• [AIM OF THE EXERCISE]:
Take the listing below and write it out again exactly, skipping any picture that it holds.

• [MATERIAL PROVIDED]:
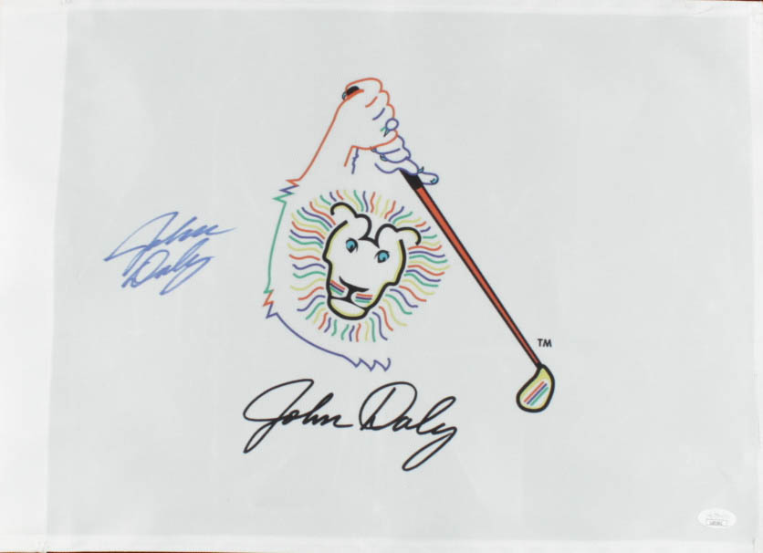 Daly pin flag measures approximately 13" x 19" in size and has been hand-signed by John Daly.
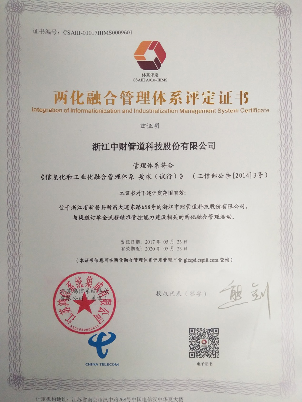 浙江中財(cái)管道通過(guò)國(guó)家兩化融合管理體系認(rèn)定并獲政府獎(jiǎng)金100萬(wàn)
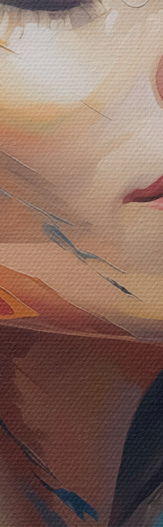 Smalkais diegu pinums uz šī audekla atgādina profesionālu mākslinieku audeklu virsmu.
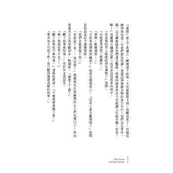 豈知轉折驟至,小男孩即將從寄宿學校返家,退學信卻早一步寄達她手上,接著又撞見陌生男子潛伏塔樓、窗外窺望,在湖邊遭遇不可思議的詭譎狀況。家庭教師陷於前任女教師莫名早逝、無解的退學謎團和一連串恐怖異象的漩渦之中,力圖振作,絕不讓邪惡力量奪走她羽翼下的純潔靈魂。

• [EXERCISE RESULT]:
 Daly pin flag measures approximately 13" x 19" in size and has been hand-signed by John Daly.
 浙江中財(cái)管道通過(guò)國(guó)家兩化融合管理體系認(rèn)定并獲政府獎(jiǎng)金100萬(wàn)
 Smalkais diegu pinums uz šī audekla atgādina profesionālu mākslinieku audeklu virsmu.
 豈知轉折驟至,小男孩即將從寄宿學校返家,退學信卻早一步寄達她手上,接著又撞見陌生男子潛伏塔樓、窗外窺望,在湖邊遭遇不可思議的詭譎狀況。家庭教師陷於前任女教師莫名早逝、無解的退學謎團和一連串恐怖異象的漩渦之中,力圖振作,絕不讓邪惡力量奪走她羽翼下的純潔靈魂。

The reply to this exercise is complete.